Пожалуй, вот сейчас запоздал бы роман с пожаром Дворцового моста, арестами в финансовом мире, рождением от белой графской четы негритянки вследствие атавизма и т. п. А как бы хотелось связать в логическую связь все эти события и вывести свой взгляд на современность!

Вот так и приходится скакать, хвататься за голову, торопиться и волноваться авторам, поверившим неизображенным критикам, что дело литераторов — отражать современность. Где ты, милая современность?

А вдруг через пять лет окажется, что самым современным автором был А. М. Ремизов, который, если и касается современных вопросов, вроде недостатка сахара, то с чисто практической, домашней точки зрения, а вовсе не идеологической.

Вот все зачешут в затылках!..

Мечтатели

(«Записки мечтателей» № 2–3. «Переписка из двух углов», изд. «Алконост» 1921)


Издательство «Алконост» связало собою имена Ал. Блока, Андрея Белого, Вяч. Иванова, Иванова-Разумника, А. Ремизова, Анны Радловой, К. Эрберга. Соединение это не изобретено «Алконостом», а получено как бы в наследство от альманахов «Скифы» и «Наш Путь».

Физиономия достаточно определенная, по школьным определениям — символисты, сами предпочитают называть себя мечтателями.

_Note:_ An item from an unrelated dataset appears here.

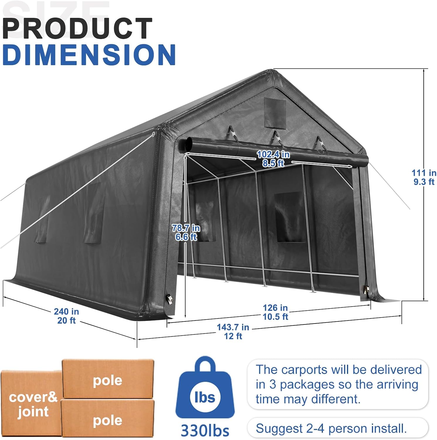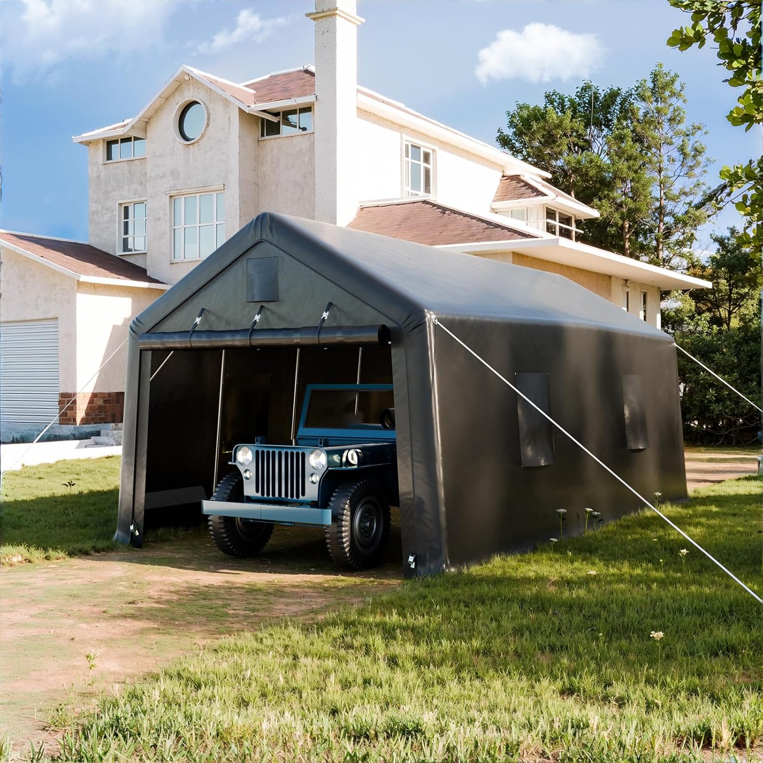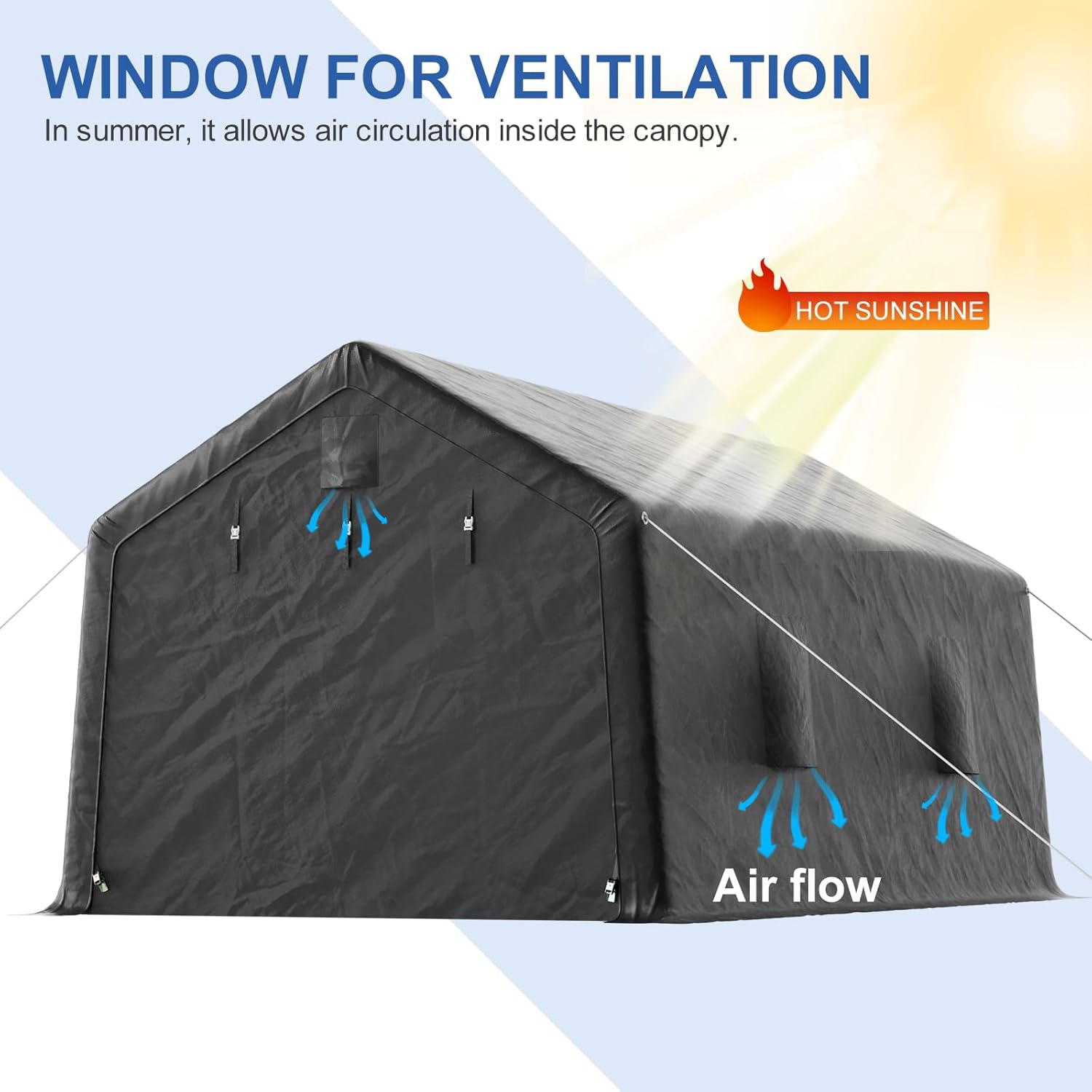 12x20ft Heavy Duty Carport, Car Port With All-Steel Metal Frame,Portable Garage For Automobile,Truck,Boat,Outdoor Storage Shelter,6*Ventilated Windows,4*Windproof Ropes,Anti-Snow Car Canopy

Если сравнить с формальными барабанами московских школ и упрямым достоинством акмеизма, произвольно и довольно тупо ограничивающего себя со всех сторон, то, конечно, — мечтатели. Во всяком случае, это — люди, считающиеся с такими устарелыми словами, как «мировоззрение», «лирический пафос», «внутреннее содержание» и «метафизика искусства». Произведения их можно разбирать с какой угодно точки зрения, проще и убедительнее всего применить, конечно, формальный подход, но сами авторы ставят себе задачи более широкие и менее определенные. Разумеется, они все-таки литераторы и многие из их мечтаний — не более как бессознательный (или сознательный) литературный прием. К таким приемам можно отнести «Дневник писателя» Белого, где он изо всех сил старается доказать, что он не может писать статей и пишет при этом статью. Можно объявить ряд лекций, на тему: «почему нельзя читать лекций», — и все-таки это будут лекции. В страстном желании дойти до последнего совлечения, выворотить себя наизнанку, Белый приводит редакционные счета, сообщает совершенно домашние подробности, кто его ссудил деньгами и т. п. — и все-таки это только литературный прием и из литературы Белый никуда не выскочил, и прыгает не «в никуда», как уверяет, а в ту же литературу.

Даже не приходит в голову, правду или выдумку он пишет, все происходит в области искусства и литературной диалектики, где биографическая искренность нисколько не убеждает.